Leading Indonesian and international brands have followed the local halal brand market leader Wardah, in becoming certified.
INDIA, CHINA LAG
Yet while adoption of halal cosmetics is rising in certain East Asian countries, the two largest countries by population and market, China and India, do not have Muslim majorities, and halal products may face an uphill battle competing with other cosmetics segments.
The recent crackdown against Uighurs in Western China, and in India’s Kashmir, as well as the recently passed citizenship law which is considered discriminatory to the country’s 200 million Muslims, may also temper demand.
“They are the biggest markets in Asia but the climate to introduce halal beauty is not very welcoming right now given the situation with Muslim communities. It will be interesting to see how it evolves,” said Lefebvre du Prey.
While India has the largest Muslim spend on cosmetics, currently there are few halal cosmetics brands, led by Iba Halal Care. “It is the only (Indian halal) brand I see innovating and launching new products,” she added.
MENA LOOKING UP
In the Middle East, few local cosmetics companies are halal-certified, although demand is growing in the UAE and Saudi Arabia, with plans in these Gulf countries to set up halal production hubs to diversify their economies.

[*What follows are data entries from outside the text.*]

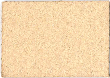
2186 | blanched almond * NCS 3020 - Y20R LRV 34%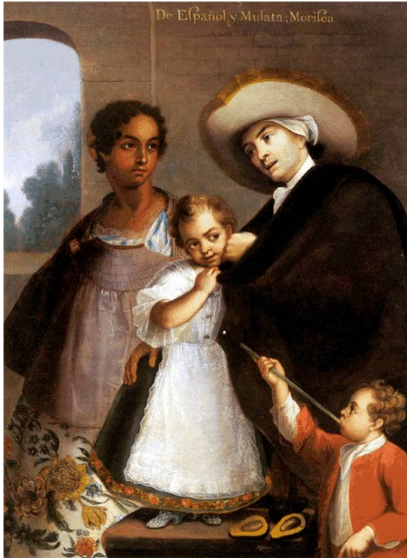
Creole Father, Mulatto Mother, Morisco Children

In the 1700s, artist Miguel Cabrera created a series of paintings depicting the various racial categories developing in the Spanish colonies.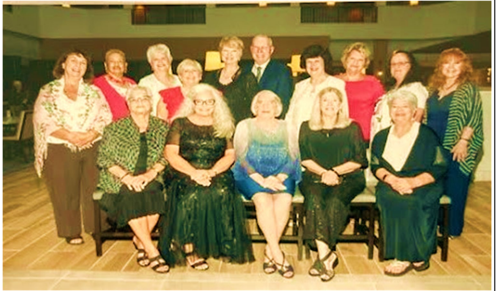
GSC Members 2025 ESA International Convention, Cary, NC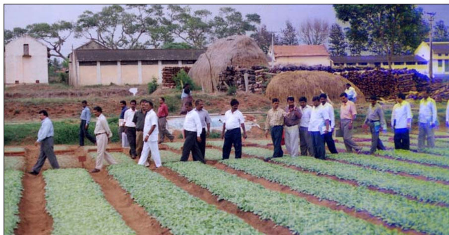
Tobacco Board officials at CTRI RS, Hunsur nursery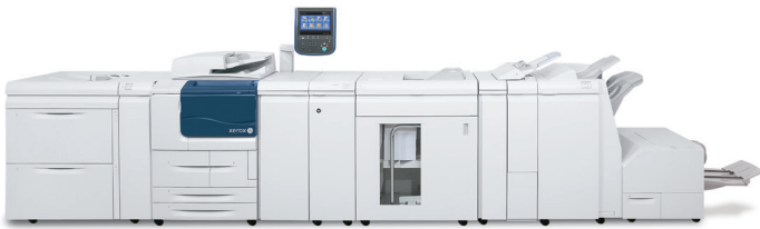
Xerox® D Series Copier/Printer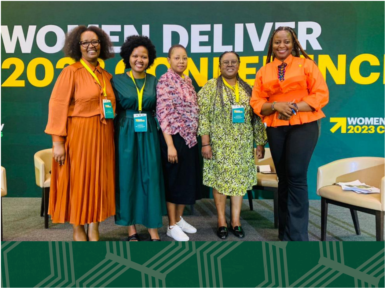
Figure 1: Panel on "Women and ICT to end violence against women and girls"

The session addressed access to the internet and the pros and cons of this. It was highlighted that as much as the internet has become an integral part of our lives, and provided opportunities for communication, education and connection. It also opened a whole dark world of cyberbullying, revenge porn, online grooming and other forms harassment and exploitation.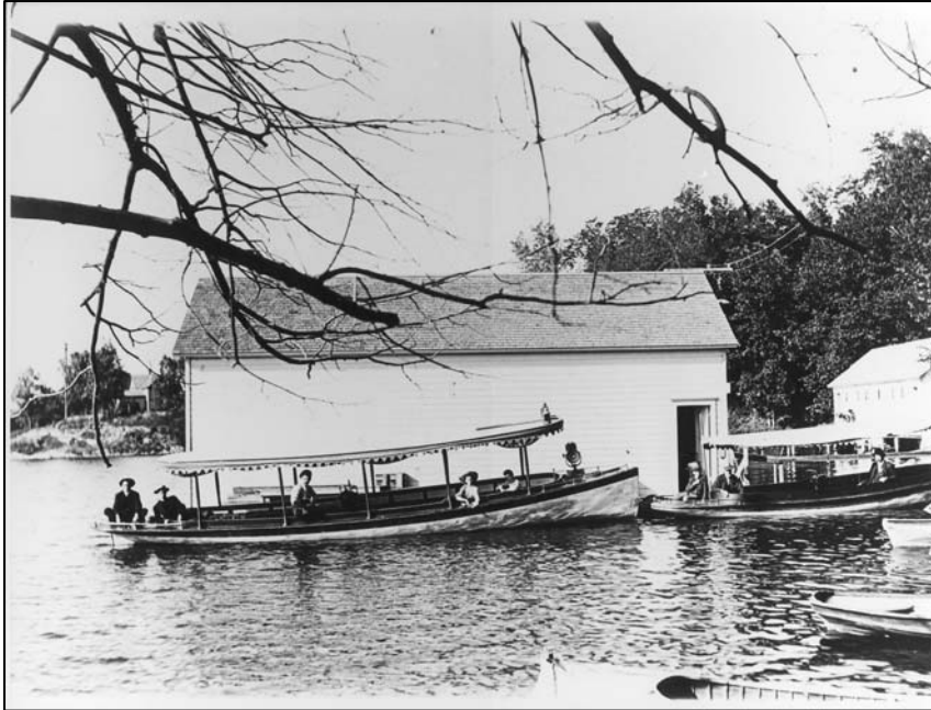
Figure 4 – Historic photograph of watercraft usage on Lake Redwood.

Turkey is certifying more halal cosmetics companies, said Murat Sayin, head of International Relations at Turkish certifier GIMDES, but not at the same level as in Southeast Asia.
HALAL VS. ETHICAL LABELS
A particular challenge for the development of halal cosmetics is the lack of overall awareness about why halal cosmetics among Muslim and non-Muslim consumers alike, while cosmetics labelling remains misunderstood in non-Muslim majority markets.
Indicative of this is that in a Euromonitor Lifestyle survey in Western Europe in 2019, halal labeling on cosmetics was less understood and trusted compared to organic, sustainable, vegan, and natural, at less than 40% in the UK and France, under 30% in Germany, and under 20% in Italy.
And it is organic, vegan and natural cosmetics that poses the biggest competition for halal cosmetics brands wanting to expand.
“They can be seen as a competitor or a challenge. In Malaysia we carried out a lot of interviews and consumers were more interested in the product being natural than halal-certified. But at the same time consumers are checking that there are no haram (unlawful) ingredients,” said Lefebvre du Prey.
For halal cosmetics to grow further this year and in the decade ahead, halal brands will have to emphasise traceability, adapt to the growing demand for natural and organic products, and appeal to all consumers.
“The existing mindset regarding halal cosmetics needs to shift. The sector could target all consumers and emphasise a specific product's concept and uniqueness. Halal cosmetics can provide a different level of 'high quality cosmetic' in term of hygiene and naturalness,” said Rijah Sari.
(Reporting by Paul Cochrane; Editing by Emmy Abdul Alim [email protected])
*Correction: Corrections were made in Para 5 for Muslim consumer spend for halal cosmetics in India, Indonesia, and Russia, and the top five countries ranking was also corrected to reflect most updated data for 2018. Updated data was supplied by DinarStandard.